1) From what I have read of reduced relative clauses, I believe so. "Alive" here means "When/while she was alive" and I do believe that it does serve as an adverb in this case, but of that I am not altogether too sure. Other words or phrases like this can also be used, like "Out of office, the President railed against the power of the executive. In office, he decried the executive's lack of power."
2) Having read a synopsis of the text in question, her being a tradition refers to her unique status in the town as someone from the previous generation who must be "humoured and tolerated" according to Wikipedia. It is, as I said, a literary description. As you have, presumably, read all or most of the text, you are in a better place to make a judgement about what it means.
3) The part of the sentence which includes "on the streets without an apron" is enclosed by dashes, so it is not connected to to the part including "remitted her taxes" in the way that I think you are implying.
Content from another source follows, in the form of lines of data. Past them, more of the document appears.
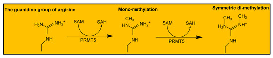 As already mentioned, PRMT5 is a type II PRMT that symmetrically mono- or di-methylates its substrates by catalyzing the transfer of methyl groups from SAM to arginine residues on a substrate protein (Figure 2). This results in the formation of mono- or di-methylarginine and one or two molecules of SAH [21]. The methyltransferase function of PRMT5 is facilitated by critical conserved residues within the Rossman fold and the β-barrel domain. For example, during the methylation of a substrate protein such as histone 4 (H4), the arginine residue of H4 binds into a tunnel-like region composed of tryptophan (W) 579, phenylalanine (F) 327, and leucine (L) 312. These residues form favorable interactions with the substrate protein, thus enabling the arginine residue access to PRMT5’s active site. The active site of PRMT5 contains two conserved glutamate (E) residues, E435 and E444, which form two hydrogen bond with the terminal guanidino nitrogen atom of arginine [9]. Then, F327 further orients the substrate’s arginine for efficient transfer of the methyl group. F327 has been shown to reinforce the specificity of PRMT5 for the generation of symmetric dimethylation products. The product specificity role of F327 is evident from the formation of asymmetric dimethylated H4R3 when F327 is mutated to methionine [20]. Collectively, these critical residues of PRMT5 position a substrate protein in the best conformation for efficient catalysis, leading to the modulation of a protein’s function.
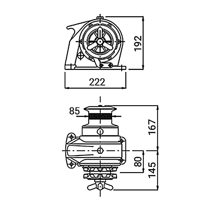 Ручная якорная лебедка Royal с горизонтальной осью (брашпиль), используется для травления, выбирания и удержания якорной цепи.
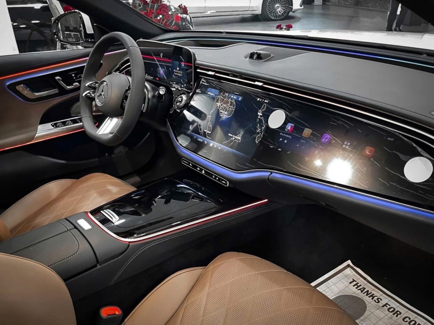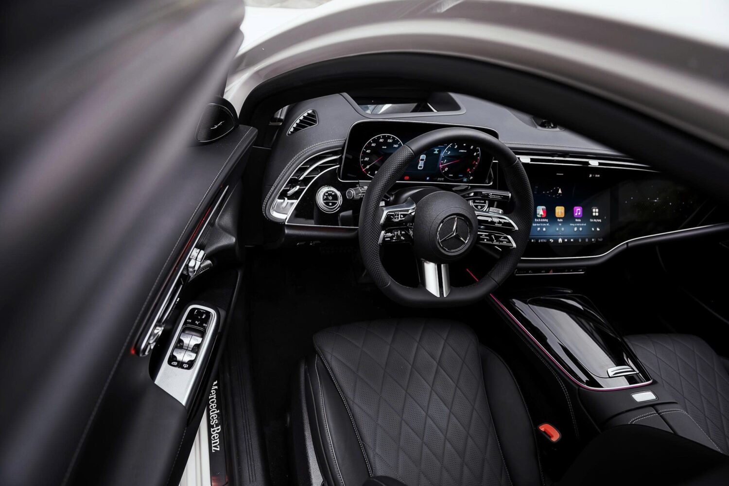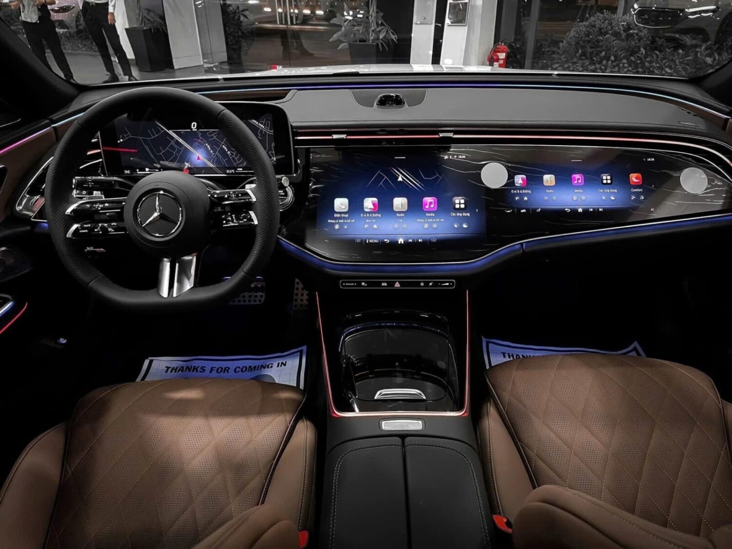 Điểm nhấn nổi bật nhất ở khoang lái là màn hình hyperscreen 12.3 inch liền mạch gồm bảng đồng hồ kỹ thuật số và màn hình giải trí trung tâm 14.4 inch. Đa số khách hàng đều thích phần ốp gỗ piano màu đen bóng trên bề mặt táp lô của E 300 AMG bởi nó toát lên vẻ thể thao.
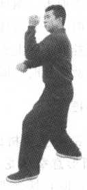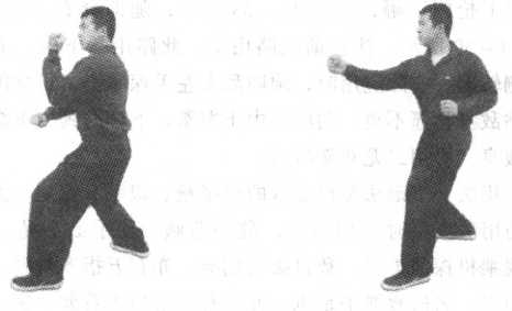 向前戳击之右手回撤变捋拿,左手向上抱裹(图11 -40)o 左脚前进寸步,右脚随进的同时,释开右手向前打直击拳(图 ll-41)o
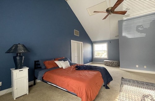 This house features private driveway, vaulted ceilings, and two master bedrooms with full on suite bath plus a half bath downstairs for guests. The upstairs loft suite overlooks your living space and feature picturesque windows.
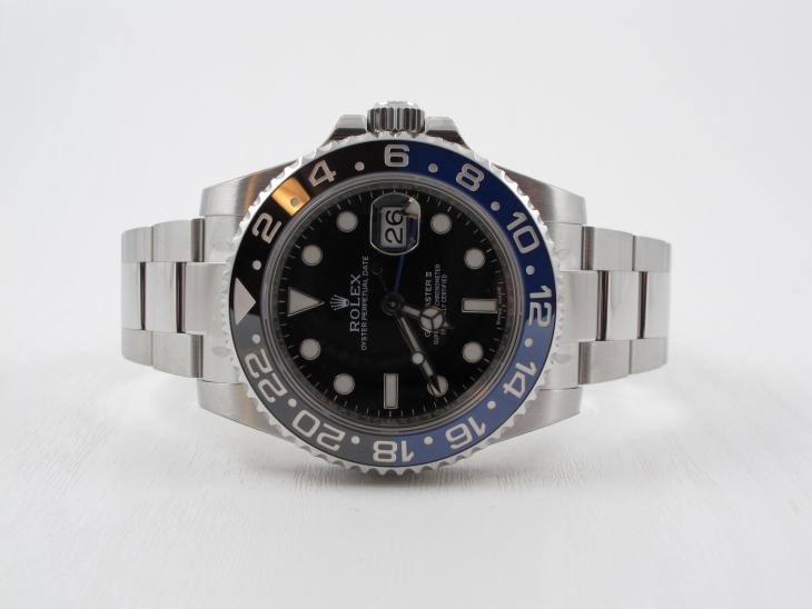 Sidste nye udgave af GMT Master med blå/sort lynette. Uret måler 40 mm og er med automatisk optræk. Helt nyt med plastik på. Spring ventelisten over, uret er på lager nu..!
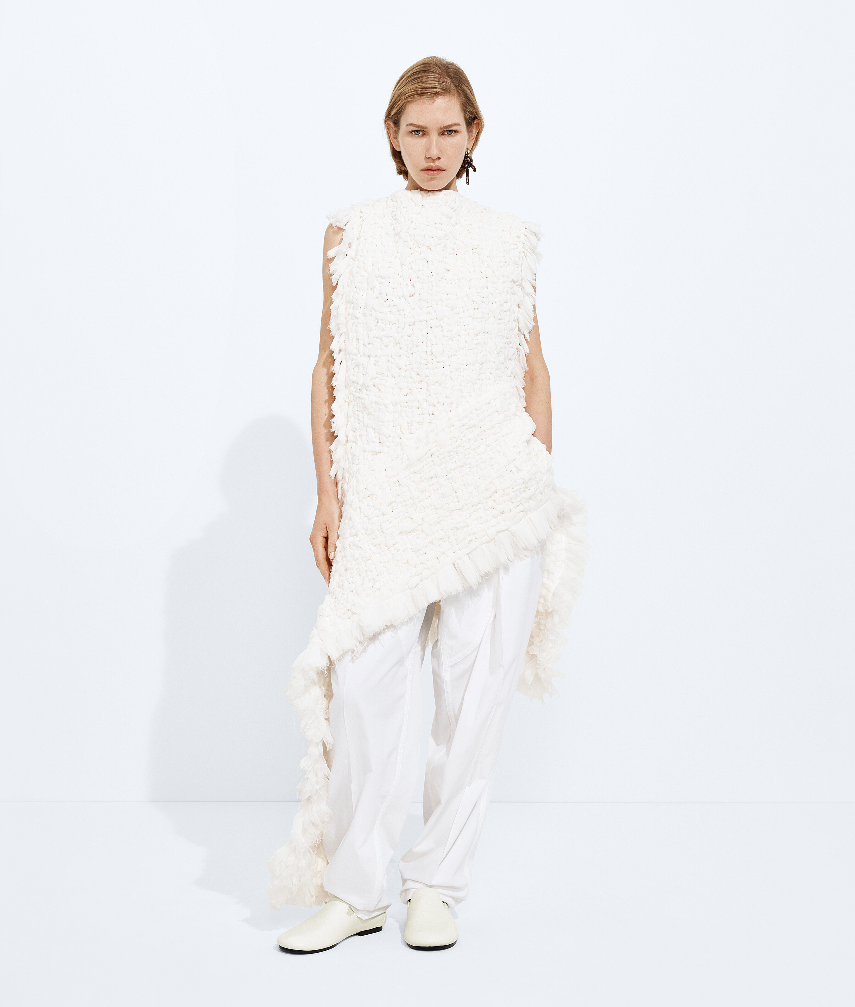 Haut à dos nu et silhouette asymétrique en mousseline de soie tressée Intrecciato à la main.
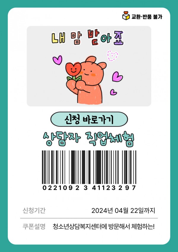 상담자 직업체험(센터로 내방- 센터 라운딩 및 상담기법, 기초대화법 등)지원학교 : 1개교
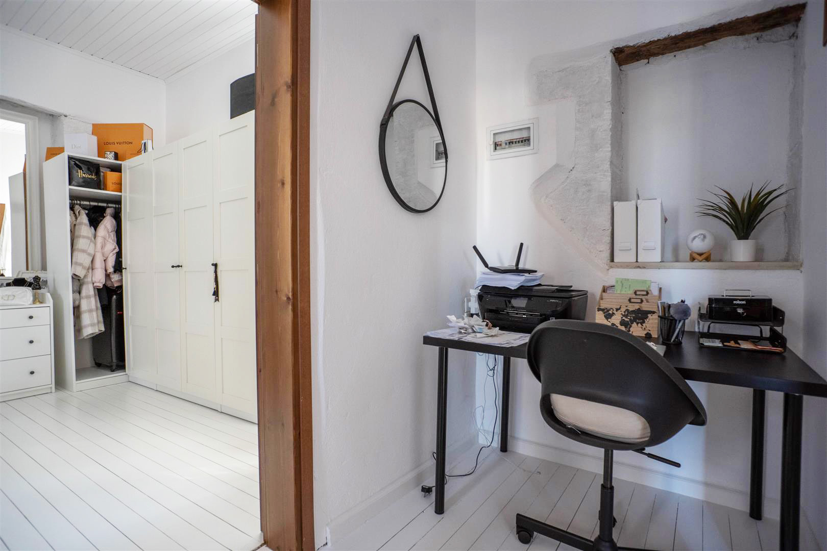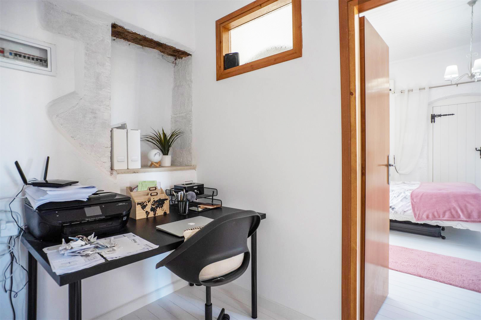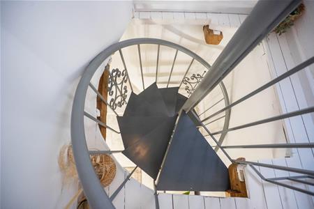 From the kitchen area a spiral metal staircase leads to a landing area which is currently used as an office space. From here there is access to two very spacious double bedrooms.
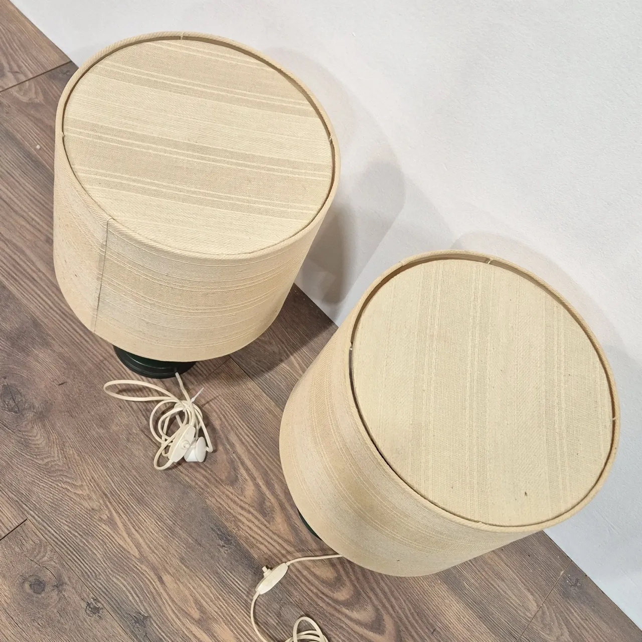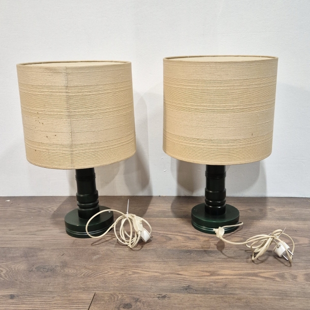 2st retro bordslampor. Ej testade/ojordad el . Skärmarna är hela men lite smutsiga . H.50cm
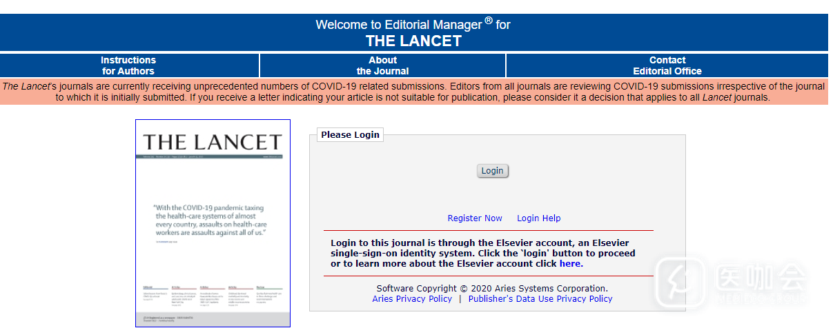 提交稿件的截止时间为2020年10月31日,需通过柳叶刀在线提交系统提交,网址为:https://www.editorialmanager.com/thelancet/default.aspx。
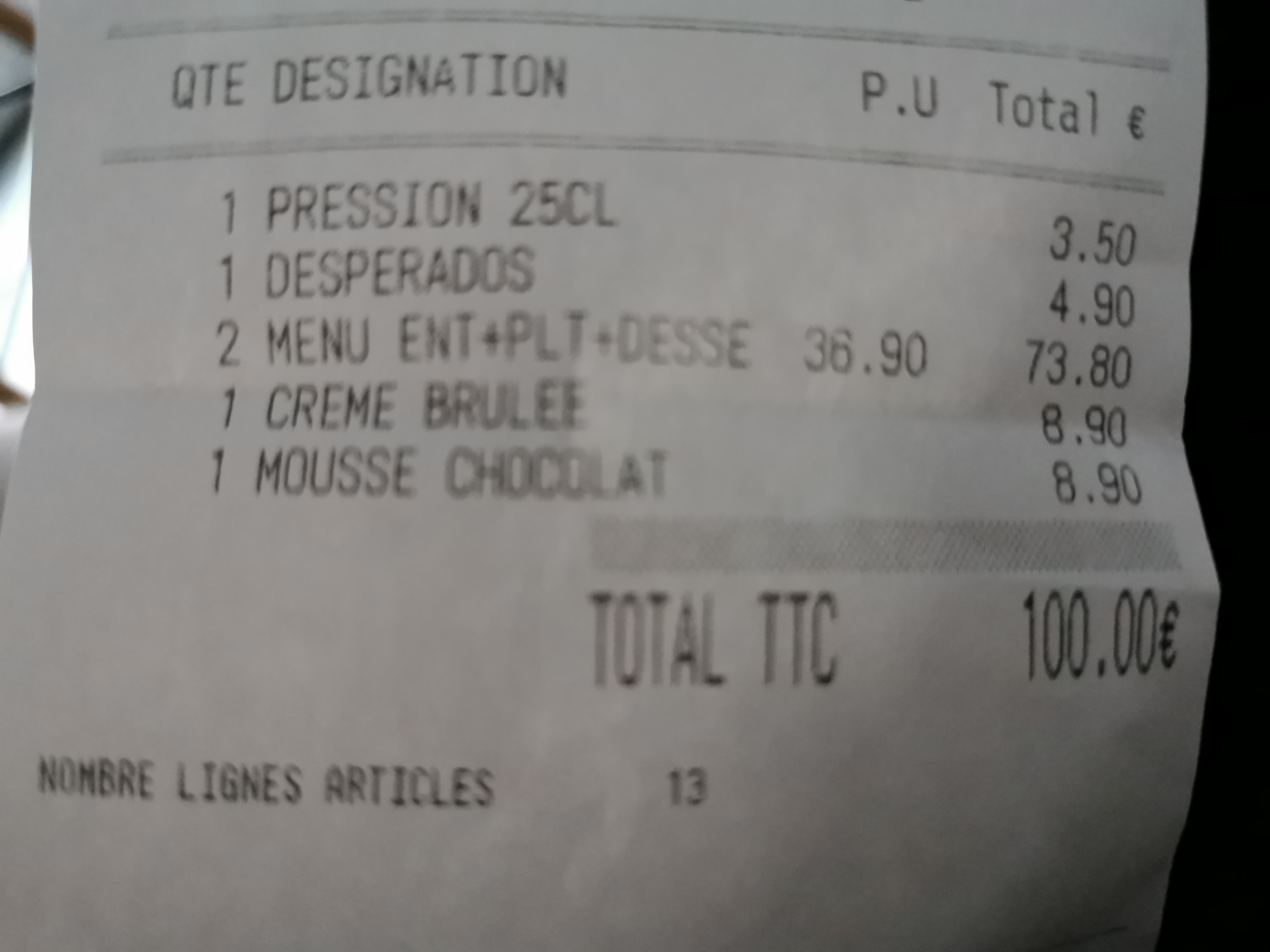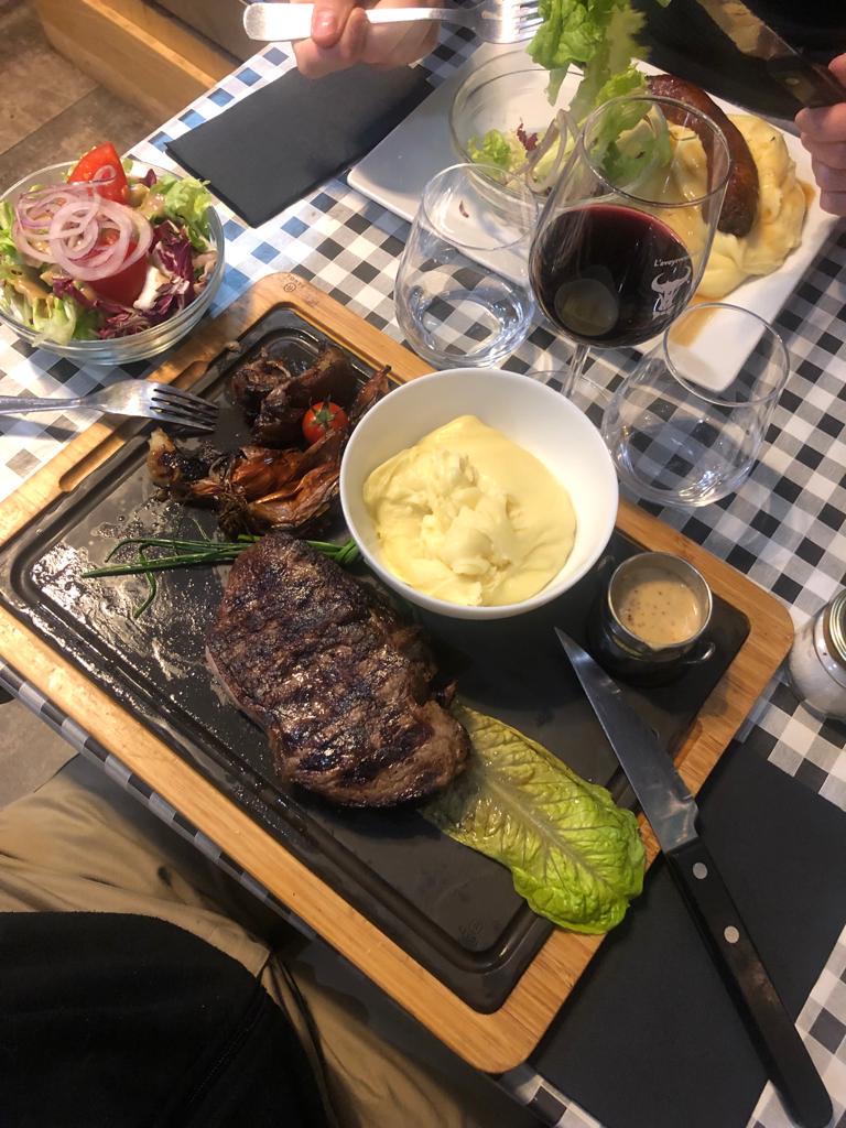 La viande était très bonne (faux filet maturé)24€ Accompagnement frites aligot ou salade, si 2 accompagnements 5€ de plus...pour quelques feuilles de salade en plus.... Frites maison pas terribles, dessert premier prix 8,90. Je trouve que cela reste assez cher pour un repas basique. Je reconnais tous les serveurs était agréable souriants.

It can be removed from the sentence without making the sentence incomprehensible, and if we do so, we get: "Colonel Sartoria, the mayor, remitted her taxes, the dispensation..." I hope that makes it clearer.
4) a) I think so, although I am not sure. What else it might be I don't know either.
b) Two prepositions are used together fairly commonly in English: away from, out of, up into, up over etc. As I see it, the "on" links with the previous "from...". "Into perpetuity" is actually necessary here, because the dispensation was not created in perpetuity, butbecame perpetual, so it moved into perpetuity.